7 thoughts on “You’re Too Early

  1. The morality of arresting someone who has not yet committed a murder that is known with certainty will be committed by that person was examined in the film “Minority Report”, even without any time travel technology, unless precognition is deemed a variation of time travel. But this story could invoke additional questions about what other time ripples might result from removing this man too soon. What beneficial effects might be lost from his interactions during the subsequent years? Even his expressions of antisemitism might have been sufficiently ugly to turn someone else away from it. Who knows but if that someone else might take Herr Hitler’s place if he were removed too soon? Alternatively, what if Jewish compassion at a vulnerable point could have changed the course of Hitler’s thinking, so that he never would commit his future crimes? That theme appeared in a television pilot “Rewind”. So many unknown possibilities challenge the morality of preventive execution.


    • My protagonists were from 1960. They had been born in Germany in the late 1930s and barely got out in time. They moved to the U.S. and eventually to Israel. Eichmann had just been tried so everything was fresh in their minds when they stumbled on the opportunity to capture Hitler.

      Barak’s plan to try Hitler wouldn’t have worked since the transfer is temporary. Once the experiment loses power, everyone goes back to their original time and location. If Rivkah could kill Hitler, according to the theory I set forth in this “universe,” time would “reset” and a new history would be created, although Braunstein, Barak, and Rivkah would have remembered the old history. However the moral implications became a tremendous struggle. Could Rivkah and Barak had affected Hitler sufficiently that his 1918 self would start making different decisions? My guess is that this incident, while bewildering to Hitler, wouldn’t have been enough to change the course of history.

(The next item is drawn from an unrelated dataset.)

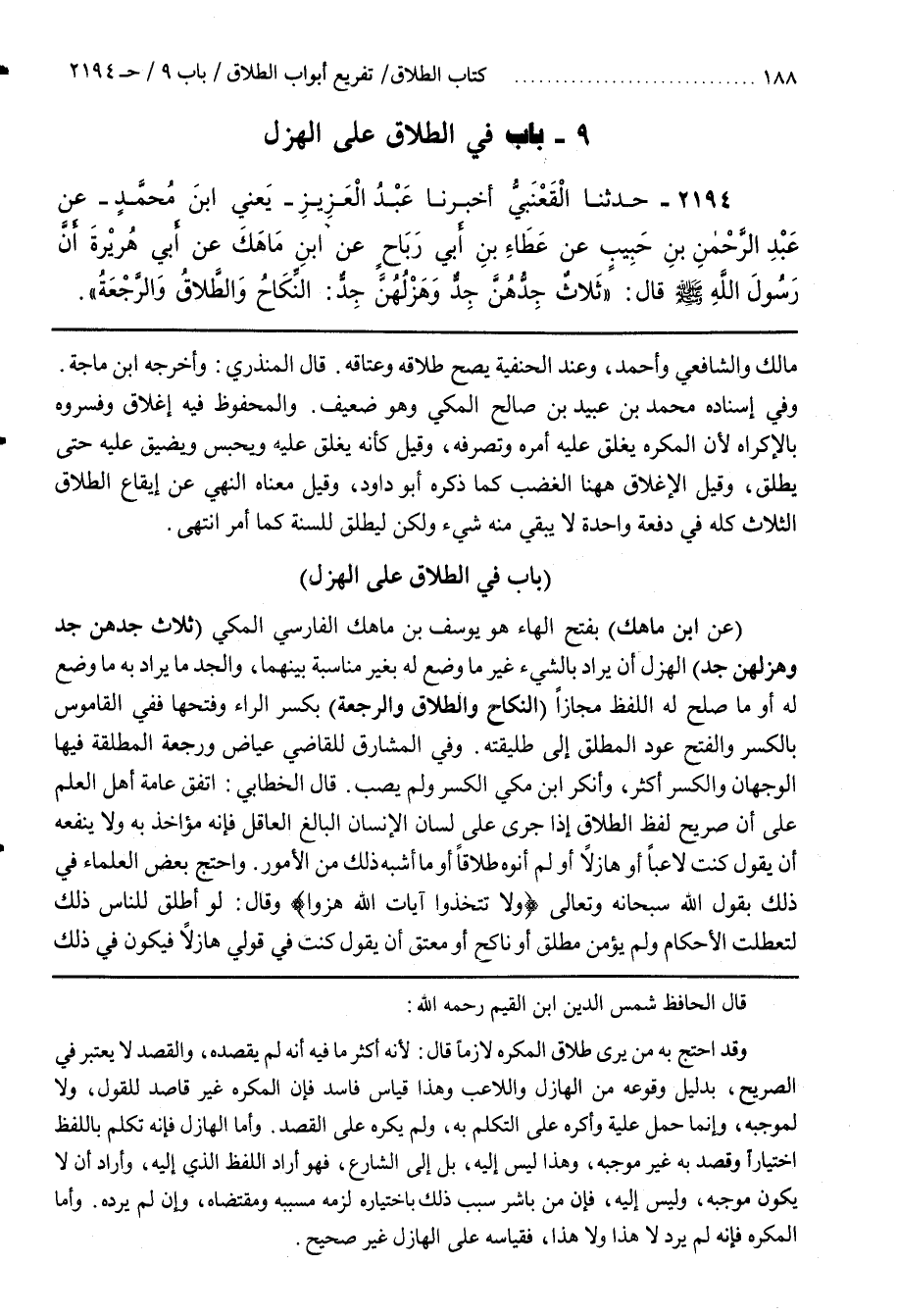 (عن بن مَاهَكَ) بِفَتْحِ الْهَاءِ هُوَ يُوسُفُ بْنُ مَاهَكَ الْفَارِسِيُّ الْمَكِّيُّ (ثَلَاثٌ جِدُّهُنَّ جِدٌّ وَهَزْلُهُنَّ جِدٌّ) الْهَزْلُ أَنْ يُرَادَ بَالشَّيْءِ غَيْرَ مَا وُضِعَ لَهُ بِغَيْرِ مُنَاسَبَةٍ بَيْنَهُمَا وَالْجِدُّ مَا يُرَادُ بِهِ مَا وُضِعَ لَهُ أَوْ مَا صَلُحَ لَهُ اللَّفْظُ مَجَازًا (النِّكَاحُ وَالطَّلَاقُ وَالرِّجْعَةُ) بِكَسْرِ الرَّاءِ وَفَتْحِهَا فَفِي الْقَامُوسِ بَالْكَسْرِ وَالْفَتْحِ عَوْدُ الْمُطَلِّقِ إِلَى طَلِيقَتِهِ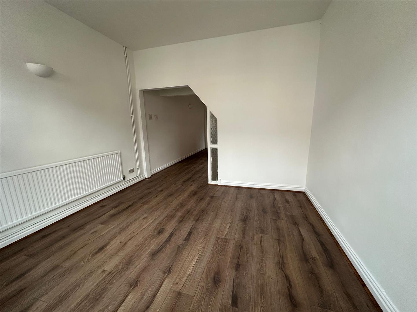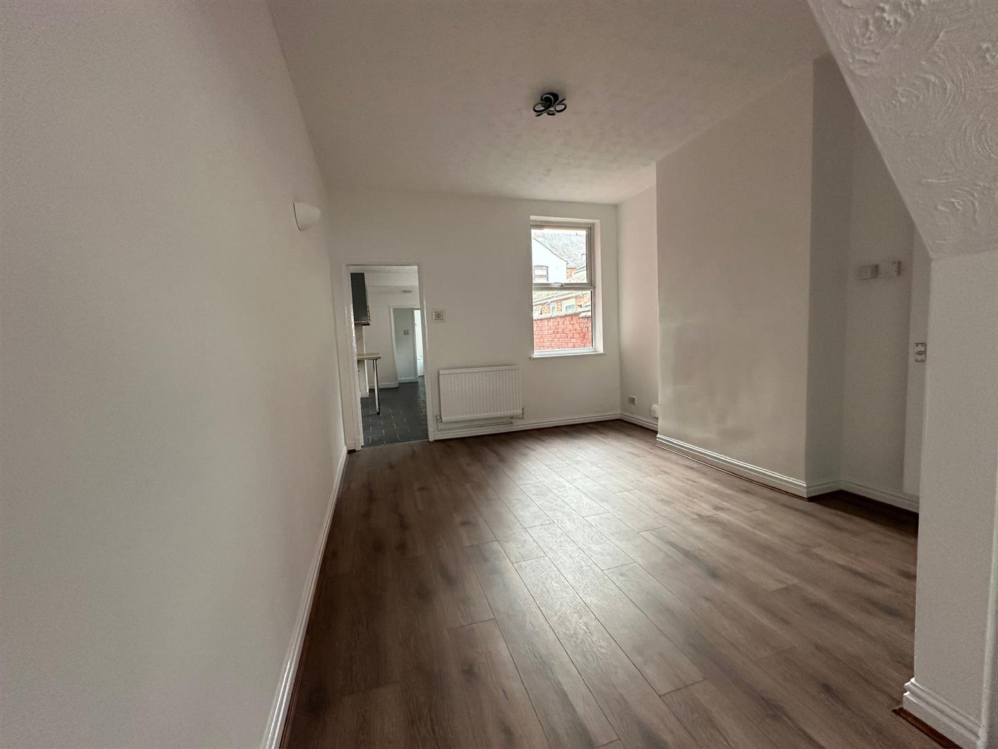 Step inside to discover a large, open plan living and dining area featuring contemporary wood effect flooring and crisp white walls, perfect for relaxing, entertaining, or creating a personalised home environment.

He wouldn’t have understood the level of compassion they were exercising in sparing his life.


  2. Dear James,

    So many what-if’s and variables. What other monster would’ve done the same or worse? Hitler wasn’t the first, only the best documented. Similar stories ours that ask similar, yet rhetorical, questions.



    Liked by 1 person

  3. Perhaps Stalin was more politically pragmatic and less ideologically racist about his massive killings. He also arguably confined himself to his own country and sphere of influence, whereby he benefitted from the international etiquette of respecting national sovereignty that used to try to turn a blind eye toward what was done by a political leader within his own borders. Thus also the atrocities of an Idi Amin, a Saddam Hussein, a Bashar Assad, and numerous others were ignored for long periods.